Laynie and Blake Johnson in 2020.

          Photo: Eve Edelheit for The Wall Street Journal

A 2019 Wall Street Journal analysis of nearly thirty dozen mass school shootings found that most shooters planned the attack weeks or months in advance. Those working to prevent violence say educating peers, parents and community members to speak up if they see something troubling is key. Several states, including Colorado and Florida, have developed anonymous reporting systems that students are encouraged to use. A study following the 2018 high school shooting in Parkland, Florida, which killed 17 students and staff, found 69 documented instances of violent or disturbing behavior by the shooter, including killing small animals, posting about guns on social media, and of physical harm. family members. In Centennial, Cologne, at least 10 high school students had concerns about a classmate’s gun ownership and anger issues, according to another study. One told a counselor about it before his classmate shot and killed a student and himself in 2013. Failure to act has led to consequences for some parents, although this is rare. In December, two parents were charged with involuntary manslaughter after their 15-year-old son was accused of gunning down four students at his high school in Oxford, Mich. Prosecutors claimed they bought him a gun even though they knew he was troubled. The perpetrator and his parents had met with school officials to discuss his behavior hours before the incident. The parents have pleaded not guilty, as has their son, who faces charges of murdering the four students. Nichole Schubert struggled with what to do after finding her son’s diary on a cluttered dining room shelf in September 2019. In it, the then-17-year-old laid out a plan for an attack on April 20, 2020, the anniversary of the school massacre Columbine, according to a police report.

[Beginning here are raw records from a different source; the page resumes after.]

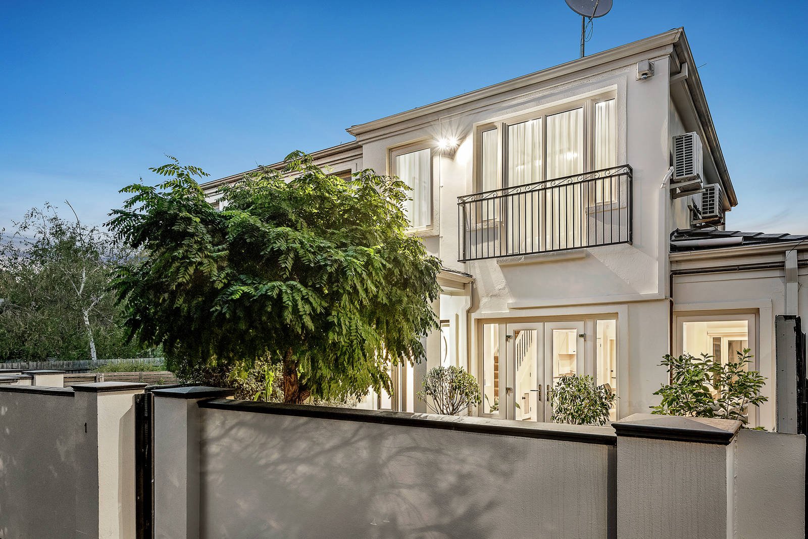 Enjoying its own street frontage behind a high walled garden, this impeccably presented contemporary residence is generously proportioned, with an inviting open plan living and dining room featuring timber floors and a gourmet kitchen superbly appointed with German appliances. Double-glazed German-imported windows and doors are featured throughout, with the living and dining area flowing to a private northeast-facing forecourt and a second north-facing courtyard. The spacious family accommodation upstairs comprises a main bedroom with walk-in-robe and newly-renovated en-suite/bathroom, and two additional bedrooms with built in robes. Responding effortlessly to modern family lifestyle requirements, it is superbly located just moments from Darling station, Malvern Rd shops and cafes, Gardiner's Creek, Hedgeley Dene, great schools and easy freeway access.
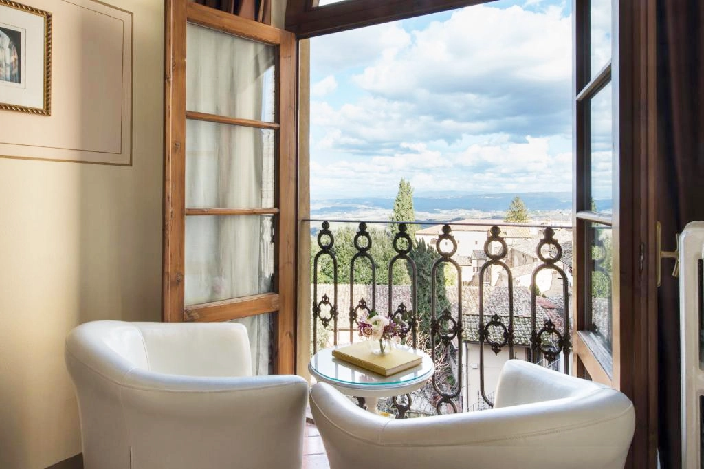 This large, elegant room overlooks the medieval square, the internal courtyard or the valley. Includes free WiFi and a flat-screen satellite TV. Some also have a spa bath.
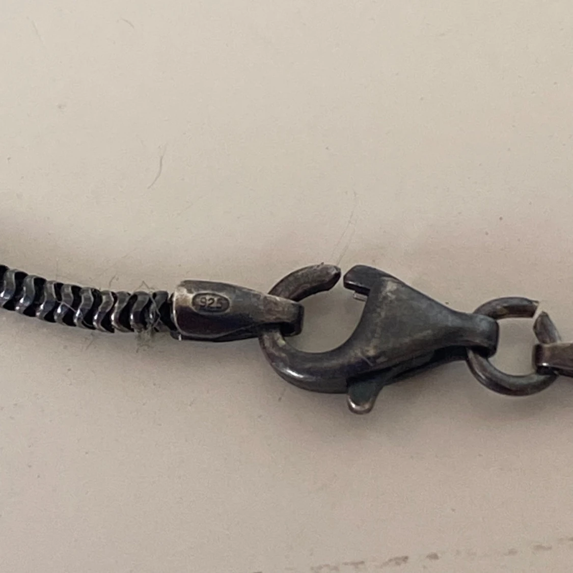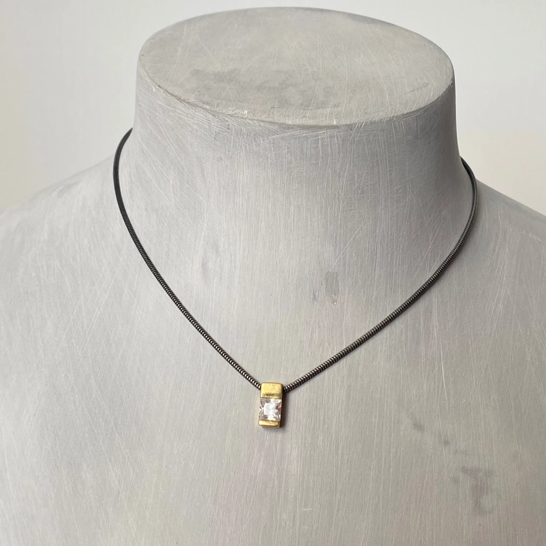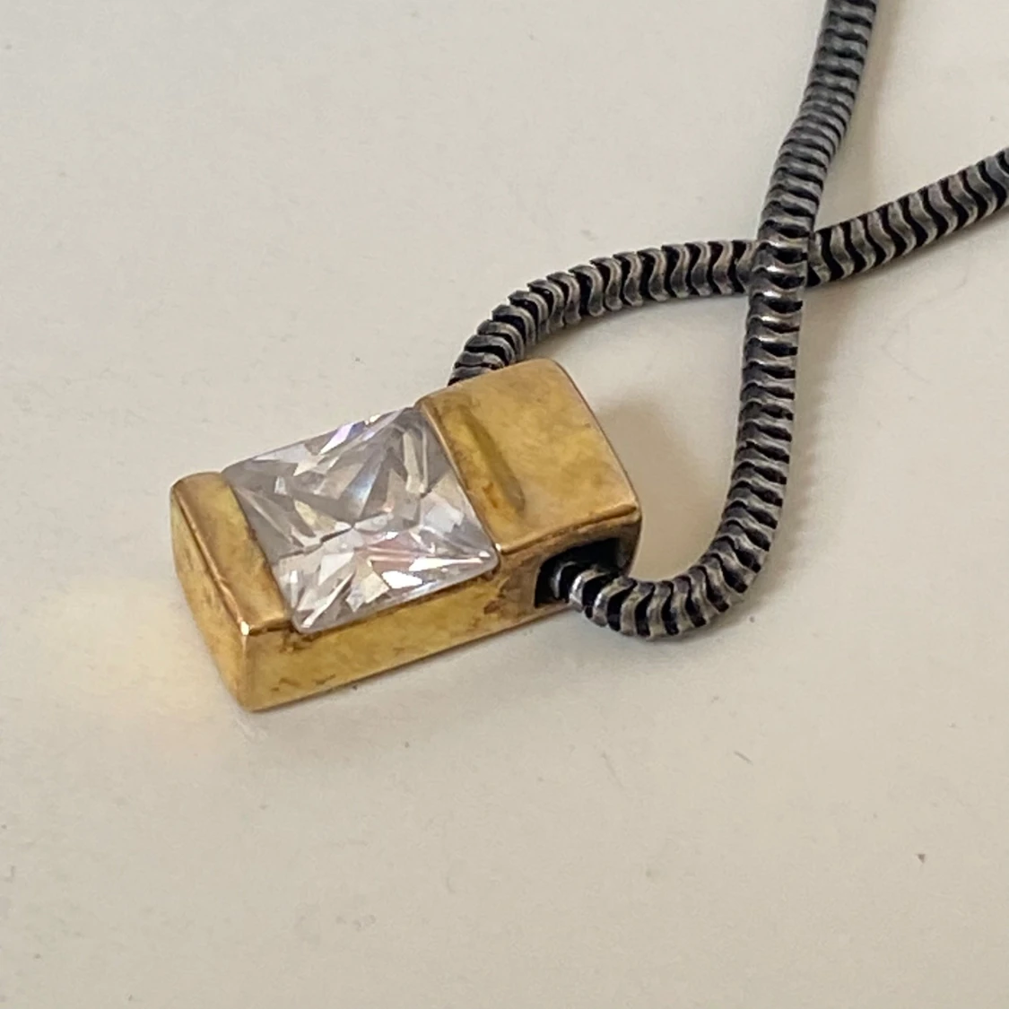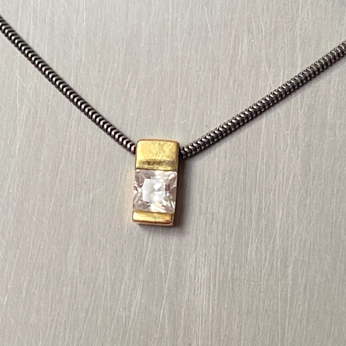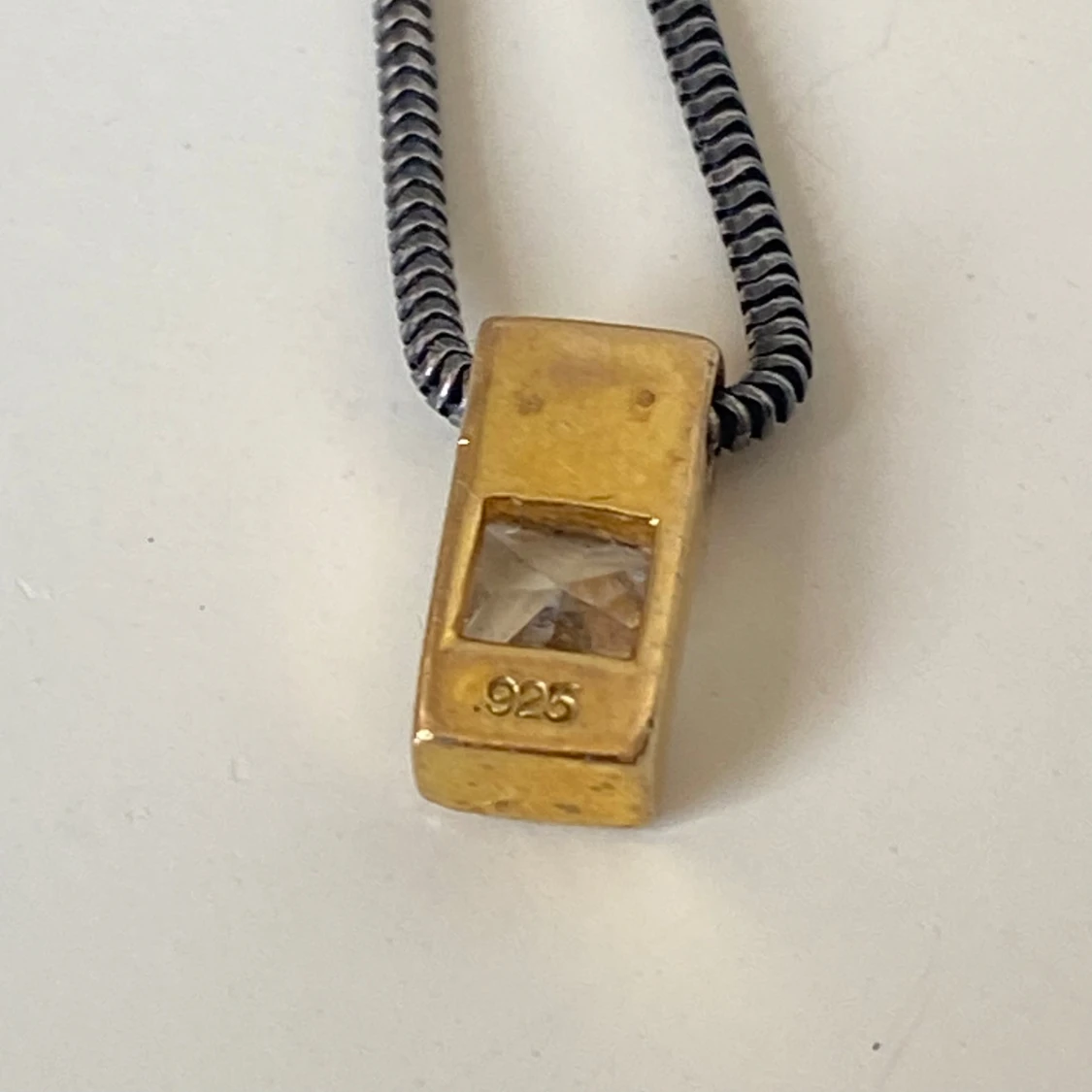 Snyggt halsband med en fyrkantig klar sten infattad i ett guldpläterat hänge. Hänget sitter på en mörk kedja i äkta silver. Märkt 925 på baksidan samt i berlock . Perfekt för dig som gillar stilrena smycken.

He would go on a rampage at 5am killing his mum and her boyfriend, the magazine said. He was finishing it at school, arriving at 12:20 p.m. to start filming. “Kill everyone possible, fight to the death or kill yourself after maximum damage,” he wrote in the magazine, according to the police report. Her son, now 20 and who does not live with her, did not respond to requests for comment. Mrs Schubert had found what she believed to be bomb-making materials in her son’s bedroom several months earlier. At the time, she said, her son was on probation for using marijuana…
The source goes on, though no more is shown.